LED christmas tree
| Project: LED christmas tree | |
|---|---|
| Featured: | |
| State | Completed |
| Members | Vicarious, Xopr |
| GitHub | No GitHub project defined. Add your project here. |
| Description | Blinken lights! |
| Picture | |
| |
Contents
synopsis
Create a christmas tree out of cartboard, leds, some RJ45 wire, tiny experiment print, headers, solder, Scotch-tape, a brown plastic instant-coffee container and an arduino.
I hereby declare freedom of firmware for the tree; change to whatever you want it; this was just a kick-start.
implementation
Since the tree was already made two years ago, but the code (and/or Arduino) got lost, Xopr took his Andon light arduino, and did an ugly rush job on making the leds identifiable.
Actually, I think writing about it on the wiki costs more time than actually pimping the tree, so here it is.
The current (2014) Arduino Mega placed in the stem belongs to the space.
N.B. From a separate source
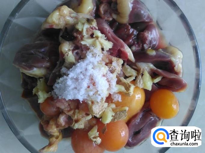 加适量的盐、姜蓉、1勺料酒腌制几分钟。
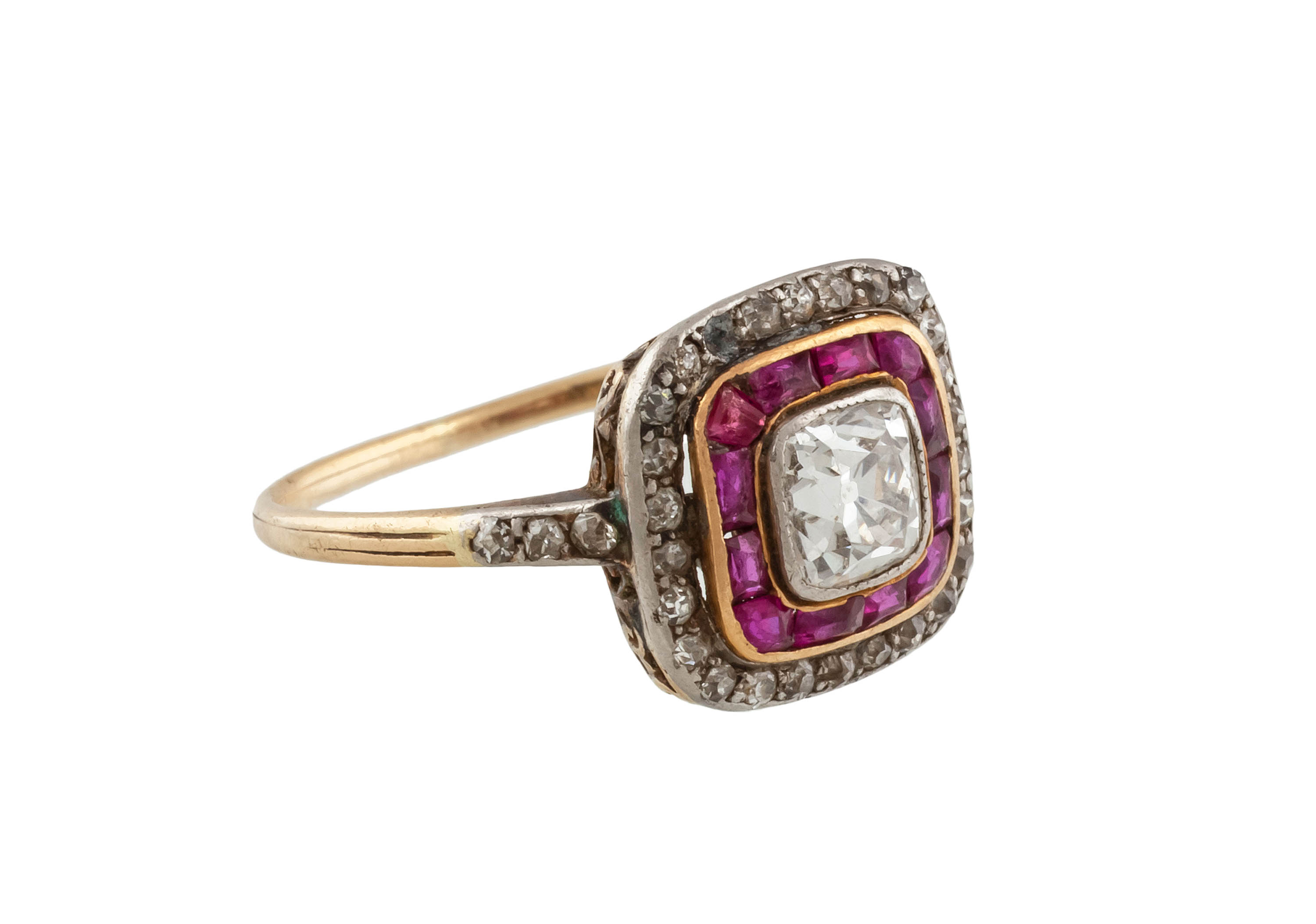 złoto, pr. 0,750, platyna, m. 2,20 g, centralnie diament ok. 0,63 ct, I-J/VS2, 12 szt. syntetycznych rubinów, 31 szt. rozet diamentowych

Yes, using a Mega is overkill, but at least it has (almost) enough hardware PWM ports for a neat effect with easy programming.
pics
Pics (or vid) or it didn't happen!
2014 - 2015 version
This version adds fade-per-color, and festoon fade mode
2013 version
This is the 2013 version which had 3 modes: rotate, upsweep and random. You can also see a part of the led marquee:
code
v3
Latest version, somewhat cleaned, but 100% arduino code instead of avr-gcc compatible
// Arduino pins mapped in this order to the tree leds
byte g_arduino[4][4] = {
{ 2, 1, 4, 3 }, // Row 1, blue(2) ORANGE(1) red(4) green(3)
{ 5, 8, 7, 6 }, // Row 2, orange(5) red(8) green(7) blue(6)
{ 12, 10, 11, 9 }, // Row 3, red(12) green(10) blue(11) orange(9)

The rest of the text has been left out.